== About this exercise ==
The entries below contain a line with "various operating systems" and a line with "14公分秋冬加绒休闲运动老爹鞋 断码 女内增高鞋 松糕跟厚底帆布鞋 鞋". Retype exactly everything from the first down to the second, both included, and nothing else.

== Exercise materials ==
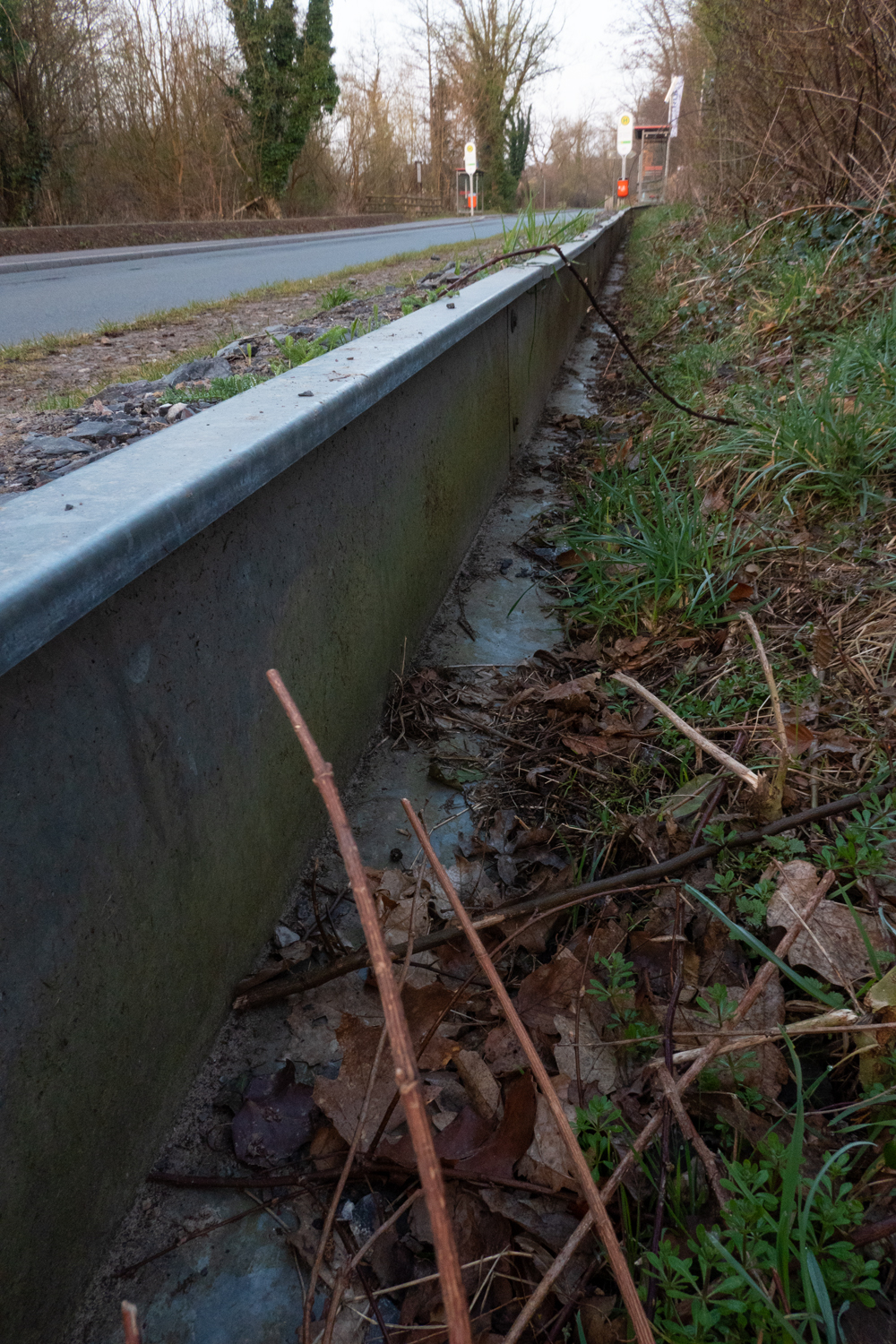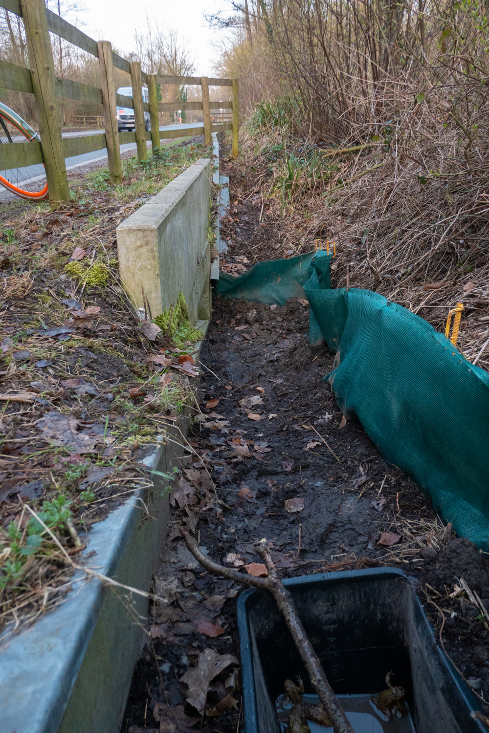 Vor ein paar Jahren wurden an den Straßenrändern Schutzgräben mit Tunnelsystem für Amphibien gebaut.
* * *
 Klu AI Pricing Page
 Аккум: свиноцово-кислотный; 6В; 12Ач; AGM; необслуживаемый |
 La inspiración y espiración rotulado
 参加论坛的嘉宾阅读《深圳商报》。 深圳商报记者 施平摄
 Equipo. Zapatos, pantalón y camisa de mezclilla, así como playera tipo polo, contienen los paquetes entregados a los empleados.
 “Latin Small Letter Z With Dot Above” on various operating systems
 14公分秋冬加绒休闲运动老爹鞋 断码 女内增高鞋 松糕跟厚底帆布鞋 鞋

== Answer box ==
 “Latin Small Letter Z With Dot Above” on various operating systems
 14公分秋冬加绒休闲运动老爹鞋 断码 女内增高鞋 松糕跟厚底帆布鞋 鞋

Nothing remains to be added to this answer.